Here's an example code snippet from my book of an internal DSL being used to register a security trade and computes its net cash value using the principal amount and the associated tax/fee components. It's implemented in Ruby using all of the Ruby idioms.

str = <<END_OF_STRING
new_trade 'T-12435' for account 'acc-123' to buy 100 shares of 'IBM',
                    at UnitPrice = 100
END_OF_STRING

TradeDSL.trade str do |t|
  CashValueCalculator.new(t).with TaxFee, BrokerCommission do |cv|
    t.cash_value = cv.value 
    t.principal = cv.p
    t.tax = cv.t
    t.commission = cv.c
  end
end


The above DSL has a different geometry than what you would get with the same domain concepts implemented using Clojure .. Have a look at the following snippet of a similar use case implemented in Clojure and executed from the Clojure REPL:

user> (def request {:ref-no "r-123", :account "a-123", :instrument "i-123", 
         :unit-price 20, :quantity 100})
#'user/request

user> (trade request)
{:ref-no "r-123", :account "a-123", :instrument "i-123", :principal 2000, :tax-fees {}}

user> (with-tax-fee trade
        (with-values :tax 12)
        (with-values :commission 23))
#'user/trade

user> (trade request)
{:ref-no "r-123", :account "a-123", :instrument "i-123", :principal 2000, 
  :tax-fees {:commission 460, :tax 240}}

user> (with-tax-fee trade
        (with-values :vat 12))
#'user/trade

user> (trade request)
{:ref-no "r-123", :account "a-123", :instrument "i-123", :principal 2000, 
  :tax-fees {:vat 240, :commission 460, :tax 240}}

user> (net-value (trade request))
2940


The above DSL is implemented using syntactic macros of Clojure for custom syntax building and standard functional programming idioms that the language supports.

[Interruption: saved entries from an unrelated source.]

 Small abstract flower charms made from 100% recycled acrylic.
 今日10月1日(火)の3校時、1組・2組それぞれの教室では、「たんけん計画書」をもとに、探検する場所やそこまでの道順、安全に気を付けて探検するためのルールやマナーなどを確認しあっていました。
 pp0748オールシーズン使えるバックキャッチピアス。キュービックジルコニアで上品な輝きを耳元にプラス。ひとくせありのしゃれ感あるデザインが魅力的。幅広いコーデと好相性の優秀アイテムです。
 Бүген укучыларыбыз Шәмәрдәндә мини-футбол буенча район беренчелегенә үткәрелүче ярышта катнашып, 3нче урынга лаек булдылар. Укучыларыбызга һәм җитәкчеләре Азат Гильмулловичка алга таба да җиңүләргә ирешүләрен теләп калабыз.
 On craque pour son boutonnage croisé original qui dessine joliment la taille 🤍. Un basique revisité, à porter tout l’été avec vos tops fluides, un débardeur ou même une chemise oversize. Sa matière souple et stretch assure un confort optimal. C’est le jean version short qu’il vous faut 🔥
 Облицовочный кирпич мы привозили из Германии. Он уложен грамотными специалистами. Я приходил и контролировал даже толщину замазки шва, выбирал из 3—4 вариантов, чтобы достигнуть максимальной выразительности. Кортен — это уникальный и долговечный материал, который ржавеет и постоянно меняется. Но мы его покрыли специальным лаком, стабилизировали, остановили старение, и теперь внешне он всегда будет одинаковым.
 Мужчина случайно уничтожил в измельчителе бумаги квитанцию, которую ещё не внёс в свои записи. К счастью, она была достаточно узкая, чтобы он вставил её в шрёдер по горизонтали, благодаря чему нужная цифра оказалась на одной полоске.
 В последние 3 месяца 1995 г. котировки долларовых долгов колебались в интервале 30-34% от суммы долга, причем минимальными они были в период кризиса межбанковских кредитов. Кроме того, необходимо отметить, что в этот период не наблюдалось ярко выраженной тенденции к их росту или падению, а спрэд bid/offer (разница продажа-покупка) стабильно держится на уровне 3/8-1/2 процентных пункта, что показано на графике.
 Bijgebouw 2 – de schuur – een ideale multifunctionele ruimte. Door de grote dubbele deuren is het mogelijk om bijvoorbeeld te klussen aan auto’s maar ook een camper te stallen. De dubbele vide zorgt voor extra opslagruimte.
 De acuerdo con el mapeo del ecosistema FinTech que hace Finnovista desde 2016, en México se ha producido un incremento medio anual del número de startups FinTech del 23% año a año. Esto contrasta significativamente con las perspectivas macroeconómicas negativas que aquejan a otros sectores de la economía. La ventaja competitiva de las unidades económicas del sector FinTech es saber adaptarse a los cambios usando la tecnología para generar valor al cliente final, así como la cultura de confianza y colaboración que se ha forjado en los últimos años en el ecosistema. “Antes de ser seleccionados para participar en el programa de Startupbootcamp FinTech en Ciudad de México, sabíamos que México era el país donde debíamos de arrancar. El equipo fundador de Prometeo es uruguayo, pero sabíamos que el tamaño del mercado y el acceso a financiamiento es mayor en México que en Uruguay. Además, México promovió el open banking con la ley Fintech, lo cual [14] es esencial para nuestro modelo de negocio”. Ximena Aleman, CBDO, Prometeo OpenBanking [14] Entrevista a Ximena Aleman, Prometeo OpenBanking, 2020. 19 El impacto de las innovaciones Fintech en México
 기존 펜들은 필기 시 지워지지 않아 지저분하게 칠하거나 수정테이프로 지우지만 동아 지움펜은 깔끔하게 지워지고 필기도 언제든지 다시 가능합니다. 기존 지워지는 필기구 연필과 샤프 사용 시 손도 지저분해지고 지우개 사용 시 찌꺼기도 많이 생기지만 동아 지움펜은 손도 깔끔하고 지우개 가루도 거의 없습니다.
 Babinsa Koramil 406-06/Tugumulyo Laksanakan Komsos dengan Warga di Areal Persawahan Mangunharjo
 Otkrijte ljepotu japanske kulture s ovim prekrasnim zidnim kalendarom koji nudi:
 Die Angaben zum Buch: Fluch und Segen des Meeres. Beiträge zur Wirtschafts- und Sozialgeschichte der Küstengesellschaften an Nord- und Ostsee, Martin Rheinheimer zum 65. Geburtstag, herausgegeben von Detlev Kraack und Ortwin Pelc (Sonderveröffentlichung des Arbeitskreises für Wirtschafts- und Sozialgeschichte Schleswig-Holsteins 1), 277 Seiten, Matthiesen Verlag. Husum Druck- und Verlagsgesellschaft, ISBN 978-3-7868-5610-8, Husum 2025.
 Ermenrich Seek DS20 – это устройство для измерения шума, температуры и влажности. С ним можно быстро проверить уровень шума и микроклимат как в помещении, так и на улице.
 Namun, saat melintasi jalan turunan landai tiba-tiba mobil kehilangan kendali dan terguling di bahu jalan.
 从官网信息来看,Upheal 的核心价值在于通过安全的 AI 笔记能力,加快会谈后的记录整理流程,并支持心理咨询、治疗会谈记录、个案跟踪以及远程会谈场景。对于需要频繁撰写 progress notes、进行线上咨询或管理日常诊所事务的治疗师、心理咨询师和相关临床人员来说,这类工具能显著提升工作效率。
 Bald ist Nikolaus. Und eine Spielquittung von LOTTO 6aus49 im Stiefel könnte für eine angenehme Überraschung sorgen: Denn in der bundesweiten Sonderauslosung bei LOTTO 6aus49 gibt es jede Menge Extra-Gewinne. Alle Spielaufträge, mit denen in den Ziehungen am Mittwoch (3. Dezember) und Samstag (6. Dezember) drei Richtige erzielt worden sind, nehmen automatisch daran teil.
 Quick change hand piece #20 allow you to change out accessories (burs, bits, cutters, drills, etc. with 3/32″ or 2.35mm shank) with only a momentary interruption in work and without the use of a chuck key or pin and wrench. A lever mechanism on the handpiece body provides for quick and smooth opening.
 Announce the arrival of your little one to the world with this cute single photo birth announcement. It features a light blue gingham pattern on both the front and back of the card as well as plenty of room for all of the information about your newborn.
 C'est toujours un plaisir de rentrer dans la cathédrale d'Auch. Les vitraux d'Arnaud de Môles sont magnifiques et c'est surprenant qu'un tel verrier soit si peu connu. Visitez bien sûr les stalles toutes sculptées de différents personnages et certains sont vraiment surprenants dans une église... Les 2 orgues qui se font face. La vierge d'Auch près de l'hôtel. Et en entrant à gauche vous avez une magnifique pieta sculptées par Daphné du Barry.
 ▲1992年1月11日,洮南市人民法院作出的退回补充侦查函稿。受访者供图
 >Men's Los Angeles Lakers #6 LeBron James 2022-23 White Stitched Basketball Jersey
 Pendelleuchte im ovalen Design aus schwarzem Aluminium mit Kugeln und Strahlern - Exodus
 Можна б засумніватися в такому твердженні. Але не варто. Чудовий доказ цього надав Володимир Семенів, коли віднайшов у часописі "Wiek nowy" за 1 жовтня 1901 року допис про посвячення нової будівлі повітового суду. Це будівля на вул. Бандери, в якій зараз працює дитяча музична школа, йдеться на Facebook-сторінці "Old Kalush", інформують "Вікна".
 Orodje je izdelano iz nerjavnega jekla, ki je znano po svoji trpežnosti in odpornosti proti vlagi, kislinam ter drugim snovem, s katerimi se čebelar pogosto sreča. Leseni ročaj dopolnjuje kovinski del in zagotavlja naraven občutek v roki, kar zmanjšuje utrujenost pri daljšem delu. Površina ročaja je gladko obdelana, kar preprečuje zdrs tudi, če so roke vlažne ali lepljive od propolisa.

In summary, we need to learn multiple languages in order to implement domain models idiomatically in each of them. DSLs In Action discusses all these ideas and contains lots and lots of implementations of real world use cases using Java, Scala, Clojure, Ruby and Groovy.

Hope this clears my intent of a polyglotic treatment of the subject in the book.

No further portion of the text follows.